STORED DATA:
========

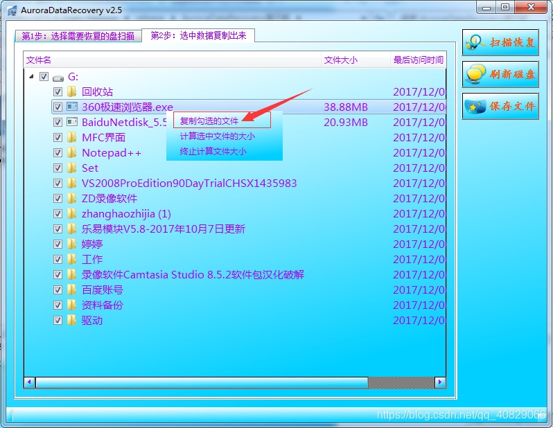 步骤4:将想要恢复的数据勾上,然后点右上角的保存,《文件保存》按钮,将勾上的文件拷贝出来。
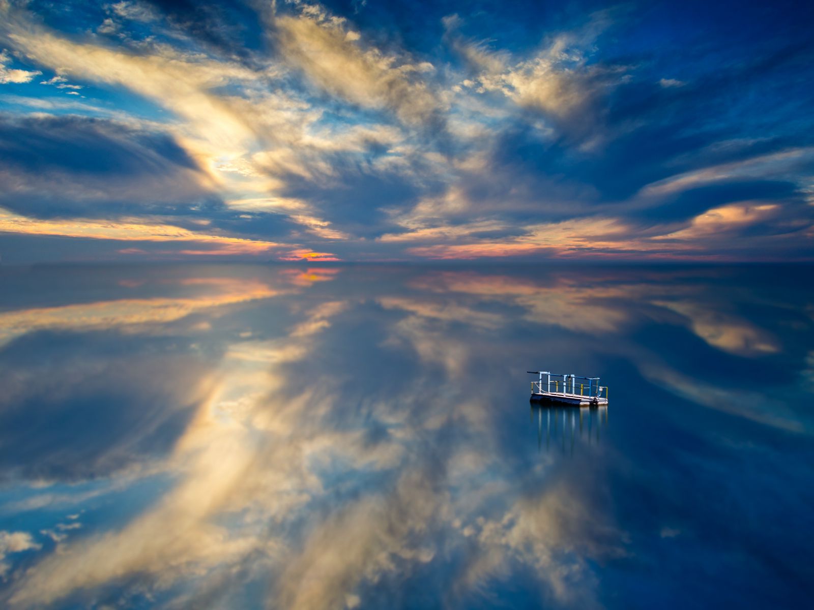 1600x1200 понтон, плот, море, горизонт, закат обои стандарт 4:3
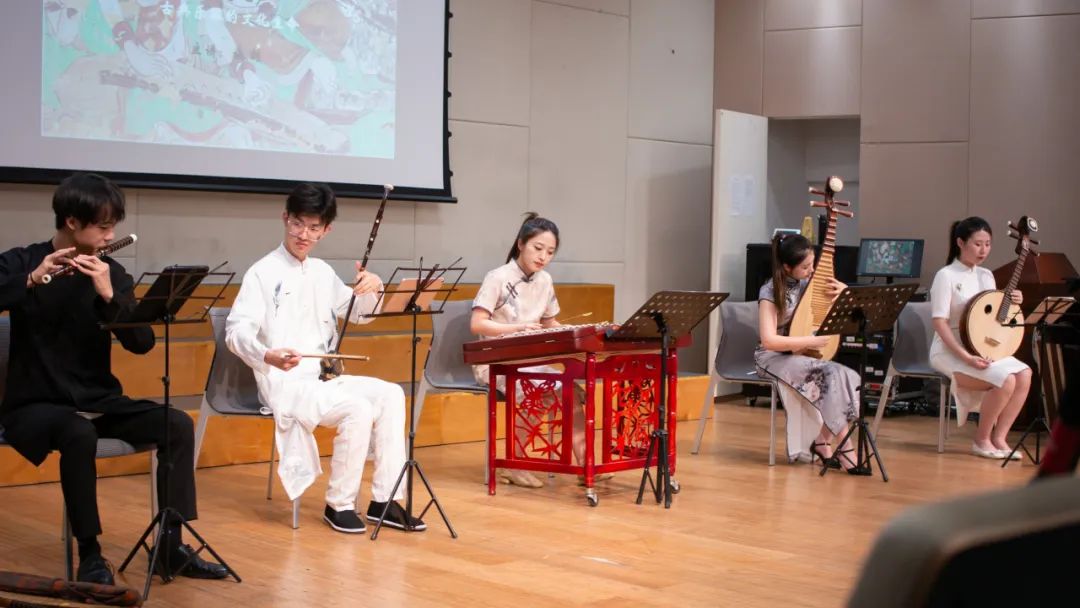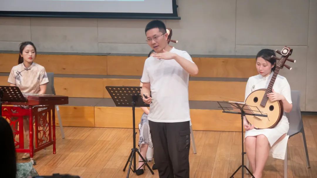 Come evening, the long-anticipated Chinese classical music appreciation event unfolded. Dr. Shi Jian, the Dean of the Ya Department Research Institute, led traditional music teachers in delivering a captivating Chinese string and woodwind performance to the European Chinese teachers. Starting with the flute, Dr. Shi introduced various Chinese traditional musical instruments to the audience. The flute, symbolizing the first breath of human civilization 9,000 years ago, and the rich array of string and woodwind instruments, showcased the rich heritage and evolution of Chinese musical instruments over centuries. Each note resonated across the hall, echoing the ancient sounds of China, transcending time and space, and providing a profound cultural experience to the European educators.

========

EXERCISE GOAL:
An exact reproduction of the data above is required, with every picture removed.

RESPONSE FOR THIS EXERCISE:
 步骤4:将想要恢复的数据勾上,然后点右上角的保存,《文件保存》按钮,将勾上的文件拷贝出来。
 1600x1200 понтон, плот, море, горизонт, закат обои стандарт 4:3
 Come evening, the long-anticipated Chinese classical music appreciation event unfolded. Dr. Shi Jian, the Dean of the Ya Department Research Institute, led traditional music teachers in delivering a captivating Chinese string and woodwind performance to the European Chinese teachers. Starting with the flute, Dr. Shi introduced various Chinese traditional musical instruments to the audience. The flute, symbolizing the first breath of human civilization 9,000 years ago, and the rich array of string and woodwind instruments, showcased the rich heritage and evolution of Chinese musical instruments over centuries. Each note resonated across the hall, echoing the ancient sounds of China, transcending time and space, and providing a profound cultural experience to the European educators.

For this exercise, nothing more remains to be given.